____ Record extracts

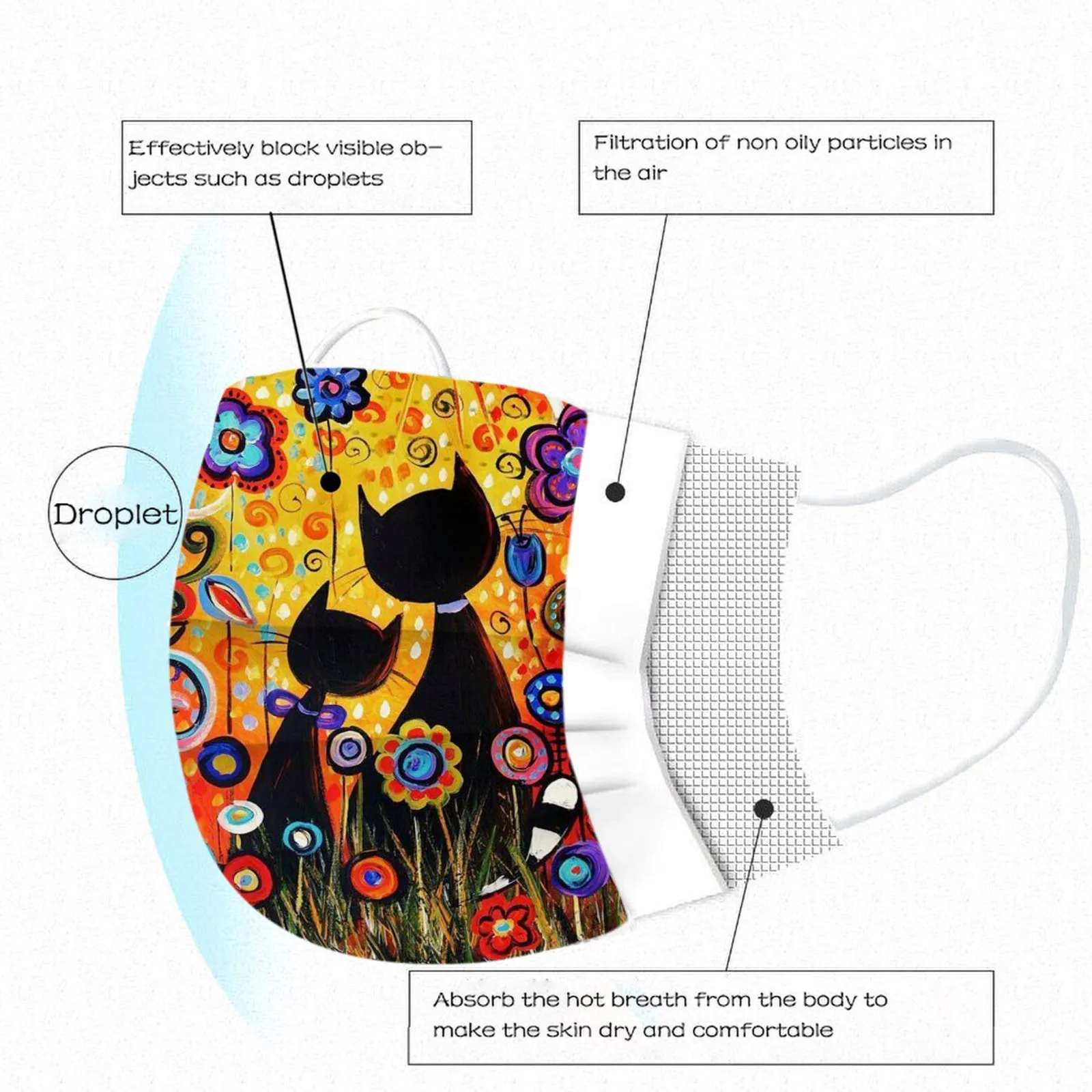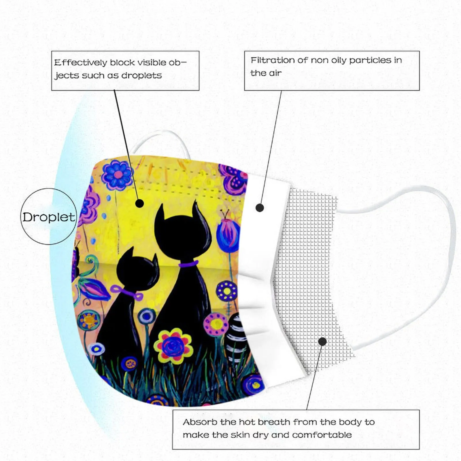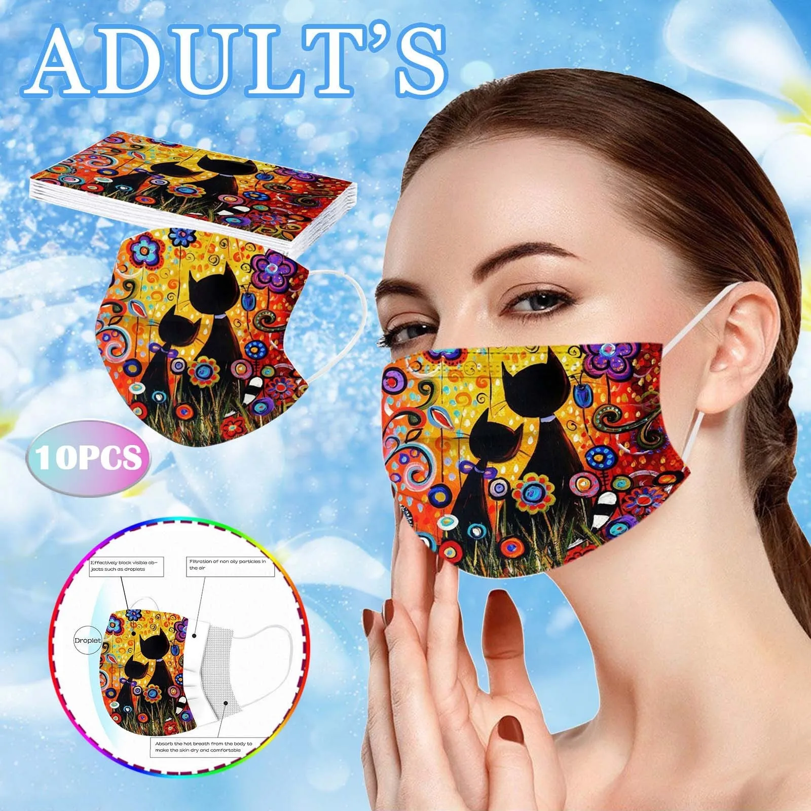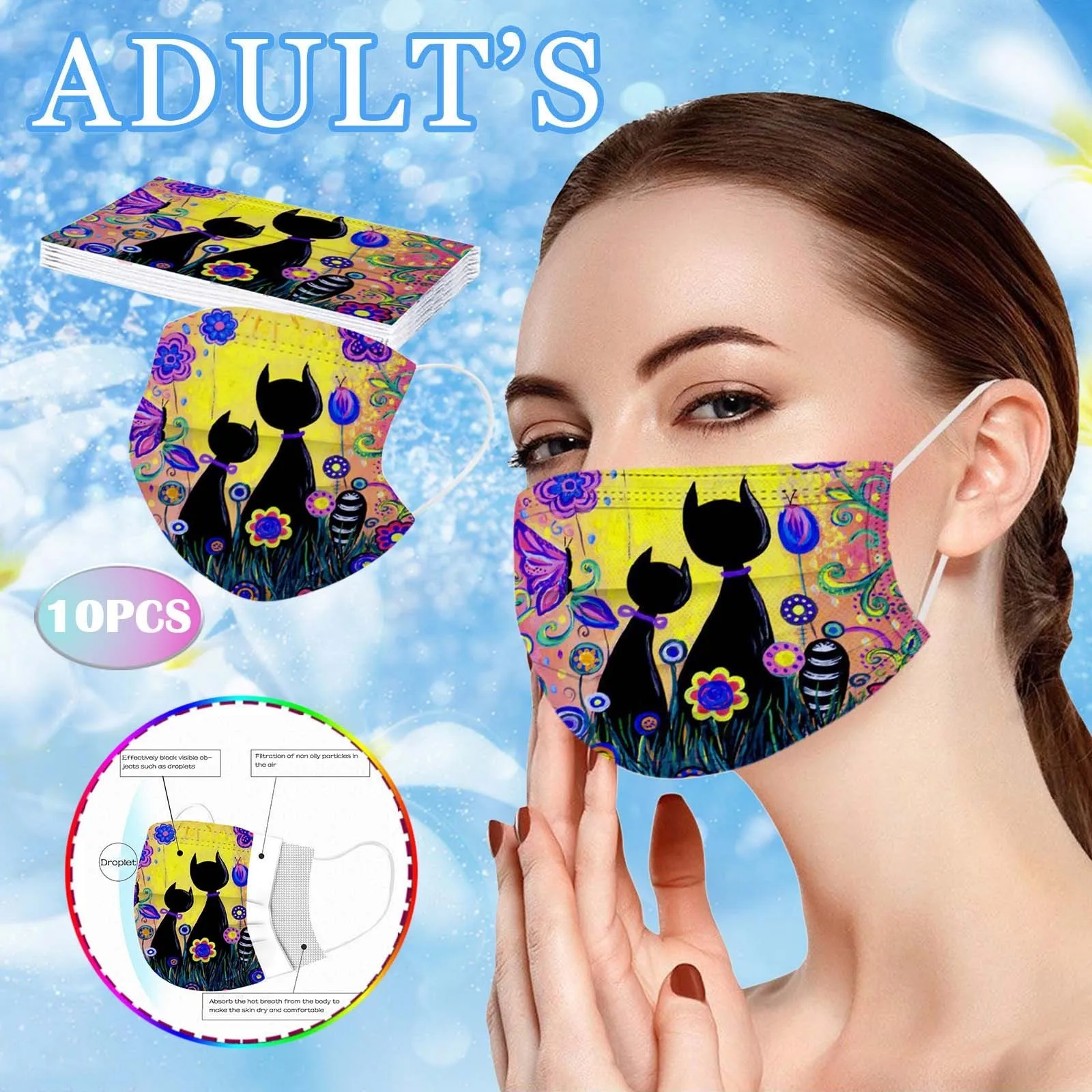 10 шт., милые женские одноразовые маски с принтом кошек, 3-слойная маска из фильтрованной ткани, защитная маска для рта, украшение крышки
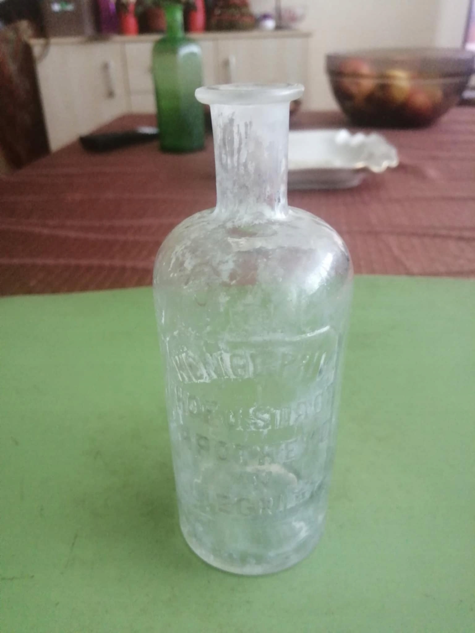 Я рекомендую стару аптечну пляшку з Liegnitz (Legnica). Підписано: konigl.priv hof-u.stadt Apotheke в Лігніц. Ємність 180 мл.
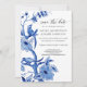 Vintage Marinblå Vita Chinoiserie Blommor Spara Datumet
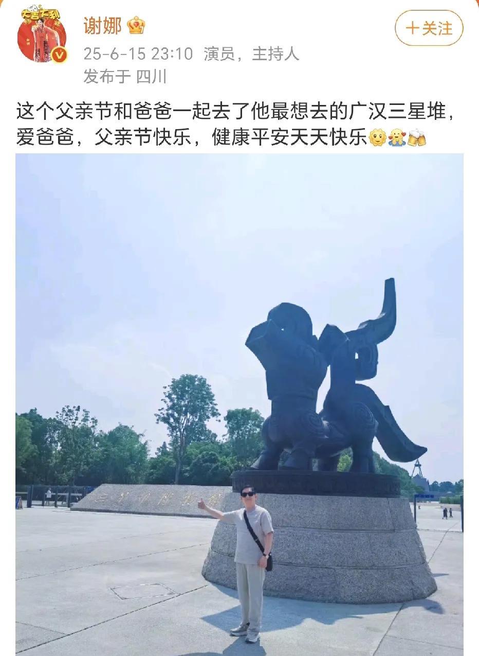 谢娜和爸爸去了三星堆! 广汉三星堆也是小编最想去的,每次看到三星堆的讲解都让人充满好奇,有太多的神秘。 父亲节大家都为自己的父亲送上祝福了吗?
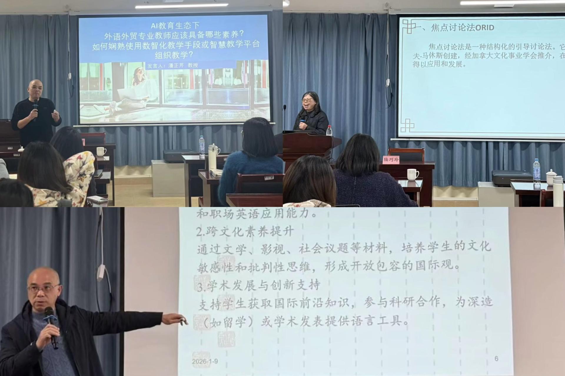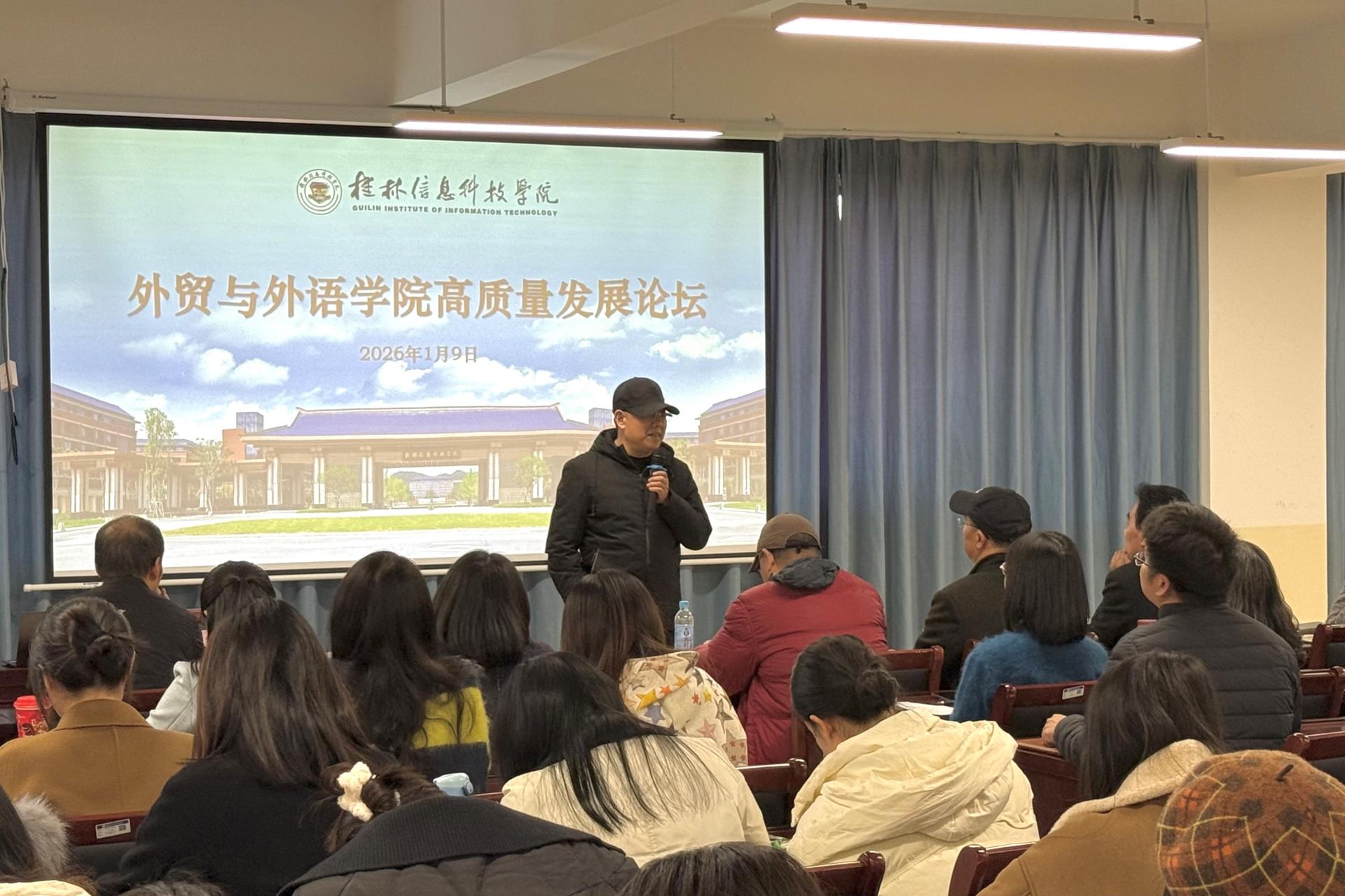 1月9日下午2:00,外贸与外语学院在文汇楼L702报告厅成功举办第二期高质量发展论坛。本次论坛以“外贸与外语学院高质量发展:问题、治理与进路”为主题,聚焦人工智能、新质人才培养与高质量就业等关键议题,旨在回应教师关切、凝聚发展共识,推动学院在应用型办学道路上实现新突破。

________

▸ **Required work**: Repeat the listing above word for word, omitting the pictures.

▸ **Task output**:
 10 шт., милые женские одноразовые маски с принтом кошек, 3-слойная маска из фильтрованной ткани, защитная маска для рта, украшение крышки
 Я рекомендую стару аптечну пляшку з Liegnitz (Legnica). Підписано: konigl.priv hof-u.stadt Apotheke в Лігніц. Ємність 180 мл.
 Vintage Marinblå Vita Chinoiserie Blommor Spara Datumet
 谢娜和爸爸去了三星堆! 广汉三星堆也是小编最想去的,每次看到三星堆的讲解都让人充满好奇,有太多的神秘。 父亲节大家都为自己的父亲送上祝福了吗?
 1月9日下午2:00,外贸与外语学院在文汇楼L702报告厅成功举办第二期高质量发展论坛。本次论坛以“外贸与外语学院高质量发展:问题、治理与进路”为主题,聚焦人工智能、新质人才培养与高质量就业等关键议题,旨在回应教师关切、凝聚发展共识,推动学院在应用型办学道路上实现新突破。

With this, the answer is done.